Material and energy balances are key tools in chemical reactor analysis. They help us track how substances flow and transform in a process.
In the given problem, we are analyzing a reactor producing acetylene from methane. Understanding material balance requires accounting for the input and output of all species involved. This includes not just the desired acetylene but also hydrogen and carbon species resulting from the reactions.
The material balance equations use stoichiometry to relate reactants and products. For example, methane and acetylene are balanced according to the reaction: \[2 \text{ CH}_4 \rightarrow \text{ C}_2\text{H}_2 + 3 \text{ H}_2\]Energy balance, on the other hand, is about accounting for the heat that moves into and out of the reactor. The energy that is introduced as heat at a rate of 975 kW influences this balance significantly, as it affects reaction kinetics and product formation. Shipping energy from inflow to outflow without loss is a core checkpoint to ensure efficiency in chemical reactions in reactors.

Reaction Stoichiometry

Reaction stoichiometry is the proportion of reactants and products in chemical reactions. It's a blueprint for formulating material balance equations.
In our exercise, the primary reaction is:\[2 \mathrm{CH}_{4}( ext{g}) \rightarrow \mathrm{C}_{2} \mathrm{H}_{2}( ext{g})+3 \mathrm{H}_{2}( ext{g})\]Reactants like methane form acetylene and hydrogen in fixed ratios.
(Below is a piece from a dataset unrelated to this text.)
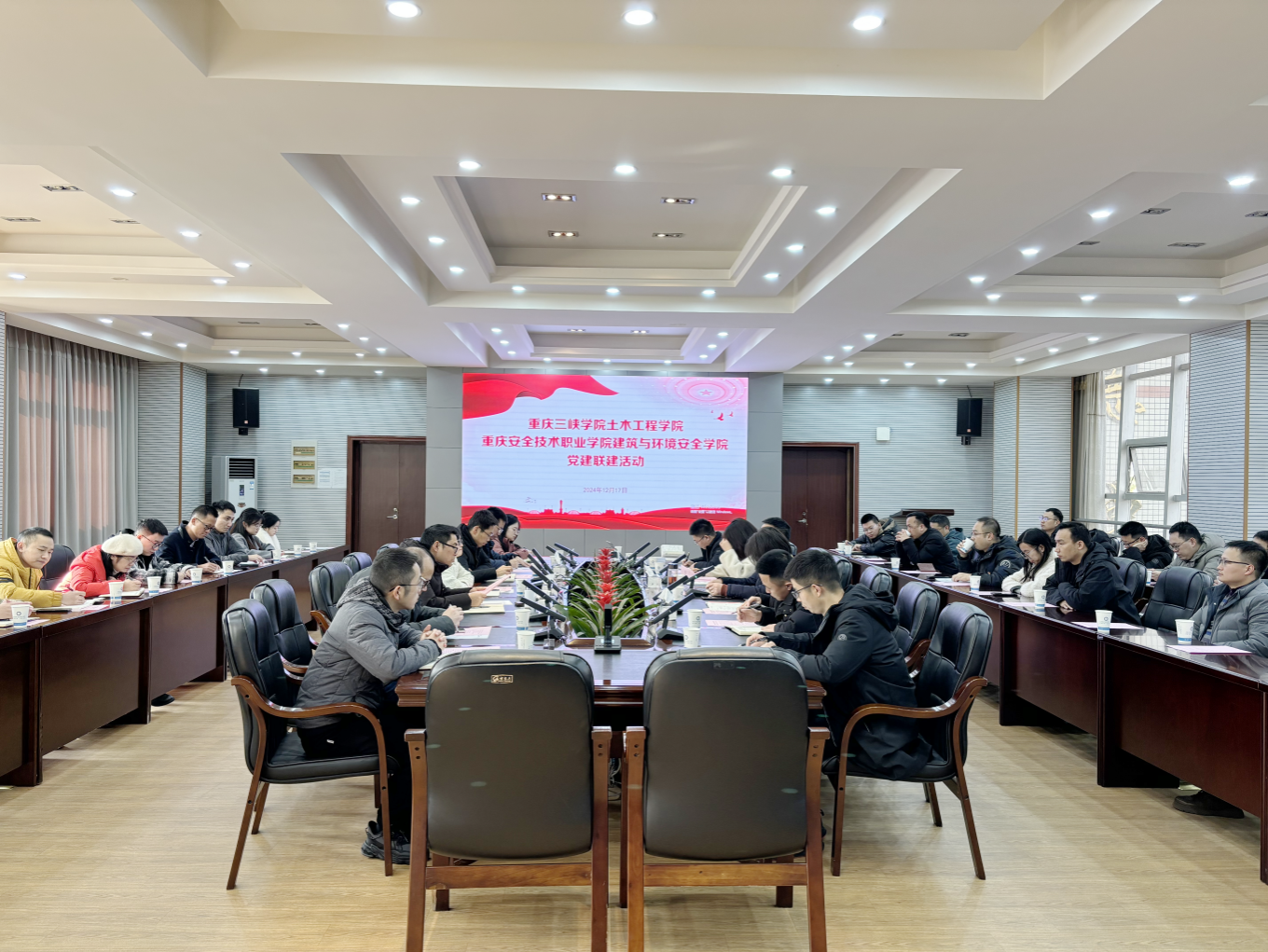 为深入贯彻习近平新时代中国特色社会主义思想、全面落实党的二十大和二十届二中、三中全会精神,学习贯彻全国、全市教育大会精神,贯彻落实弘扬教育家精神,围绕“强国行”专项行动,2024年12月17日,学院各党支部与重庆安全技术职业学院建筑与环境安全学院党支部开展党建联建暨教师专业发展研讨会,推动双方在党建与人才培养、队伍建设、融合发展等重点工作相互融合,重点工程技术攻关、重大课题联合申报等方面精诚团结合作。

Stoichiometry gives a direct map of how many moles of products each mole of reactant will make.
Side reactions can complicate this picture, as seen with the decomposition of acetylene:\[\mathrm{C}_{2} \mathrm{H}_{2}( ext{g}) \rightarrow 2\mathrm{C}( ext{s})+\mathrm{H}_{2}( ext{g})\]Here, stoichiometry helps predict formation of unwanted products like solid carbon, affecting overall yield. Therefore, accurate stoichiometric calculations are pivotal for determining the effectiveness and efficiency of chemical reactions in a reactor.

Reactor Efficiency

Reactor efficiency describes how effectively a reactor converts reactants to desired products, benchmarking against an ideal scenario. It is a crucial aspect of engineering efficiency and process economy.
Efficiency in this exercise can be calculated as the ratio of actual acetylene yield to the yield assuming no side reaction. The goal is always to maximize yield and minimize waste or by-products.
For example, if no acetylene decomposition occurs, theoretically, more acetylene would be obtained, marking higher efficiency. However, in reality, side reactions reduce the yield. A careful balance and control of reactor conditions can help minimize these inefficiencies, using knowledge of reaction kinetics and thermodynamics.
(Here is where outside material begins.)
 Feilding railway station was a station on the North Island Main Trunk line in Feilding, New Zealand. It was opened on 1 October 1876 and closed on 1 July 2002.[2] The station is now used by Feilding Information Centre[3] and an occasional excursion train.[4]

Residence Time in Reactors

Residence time refers to the average time reactants spend in the reactor, greatly influencing chemical conversion and product distribution.
Longer residence time allows reactions to approach completion, as all molecules have more time to convert. In contrast, shorter times may not allow full conversion of reactants, leaving more unreacted substances.
In hypothetical cases where residence time is infinite, theoretically, complete reactions with maximum conversion can be achieved, reflecting in a plethora of products based on reactant availability and reaction conditions.
Adjustments in feed rate and reactor volume affect residence time. Operating under optimal conditions is crucial to achieving desired efficiency, often requiring a balance between economic and chemical engineering factors to find a feasible and economical solution.